È a questo tipo di trasparenza e coerenza che ti riferisci in Big Girls, quando canti “Tell the lies, that’s how they survive”?
Sicuro. Ma arrivandoci da un altro punto di vista. È un testo che parla della necessità che le persone a volte avvertono di mentire a sé o a coloro che amano, per istinto di protezione. E in quel momento avviene il processo inverso a quello che ti dicevo prima. Si fanno astrazioni su un problema personale per formulare grandi verità consolatorie.
Se per esempio ti innamori di un uomo, lui ti molla, la reazione spesso è quella di dire che tutti gli uomini sono cattivi e che l’amore è inutile, perché rende solo infelici. Significa raccontarsi una bugia per sopravvivere.
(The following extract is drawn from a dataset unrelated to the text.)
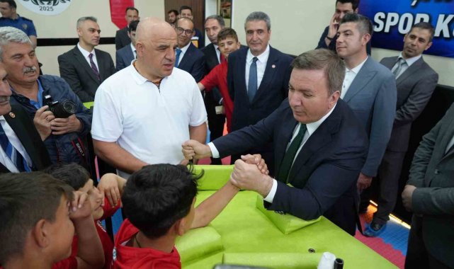 Otlukbeli ile Çayırlı Değer Erzincan Spor kulüplerinin açılışlarına katılan Vali Hamza Aydoğdu, genç sporcularla bilek güreşi tuttu.

In realtà non tutti gli uomini sono cattivi, ma quell’uomo in particolare. L’amore non è sempre infelice, sei tu ad essere infelice in questo particolare momento. Una consapevolezza del genere non aiuterà a diluire la delusione, ma è l’unico modo per superare veramente i propri problemi, senza fare un passo indietro dalla vita, pur di evitare rischi.
Il pezzo apre l’album e, come il successivo Come on, Aphrodite, è un duetto tutto al femminile.
Canta con me Abena Koomson-Davis, una cantante, educatrice e compositrice bravissima, la direttrice del Women’s March Resistance Revival Chorus di Brooklyn. Mettere insieme due voci femminili non è una cosa che si fa di solito, ma era esattamente quel che ci voleva per entrambi i brani e sono felicissima del risultato.
Praticamente in tutti i brani ci sono archi e fiati. Che ruolo ha l’orchestra nel disco?
Quello che mi interessa dell’orchestra è la dinamica, il fatto che passando da un momento sussurrato ad uno pieno puoi suscitare o sottolineare una emozione.
A proposito di Oriente, alcune cose mi riportano alle atmosfere di uno dei tuoi dischi che amo di più, Leave Your Sleep: ti torna?
Sì. Perché in quel caso c’erano musicisti provenienti da diverse parti del mondo, compresi musicisti klezmer. Avevo voluto realizzare attraverso le canzoni una sorta di viaggio mentale nei diversi luoghi da dove proveniva la formazione musicale degli artisti che avevano lavorato con me. Si trattava di un progetto per l’infanzia, sui bambini e dedicato ai bambini, in cui musicavo poesie di vari autori tutte inerenti al tema.
A proposito di collaborazioni con musicisti non anglo-americani, di progetti riguardanti l’infanzia e anche di resa in musica di un patrimonio poetico, mi interessa molto il tuo progetto in programma per il 2024, che ha dentro tutte queste componenti e riguarda in particolare l’Italia.
Ho trascorso in Italia praticamente tutto il mese di ottobre. Sto anche imparando a parlare e cantare in italiano. Sto collaborando con una band milanese di musicisti folk che si chiama Domo Migrantes, cioè persone che emigrano dal proprio paese.
Stiamo mettendo in musica i versi di Lina Schwarz, una poetessa italiana di origine ebrea che dovette lasciare l’Italia a causa delle persecuzioni e poté tornarvi solo dopo la fine della guerra. Non tutti in Italia la conoscono, ma le sue poesie per bambini sono bellissime.
Ascolti anche musica italiana?
Certo!
Per esempio?
Per esempio Lucio Battisti e Lucio Corsi.
L’intervista si conclude con una performance improvvisata, intonando La Collina dei ciliegi e Cosa faremo da Grandi?. La voce di Natalie rende moltissimo quando canta in italiano.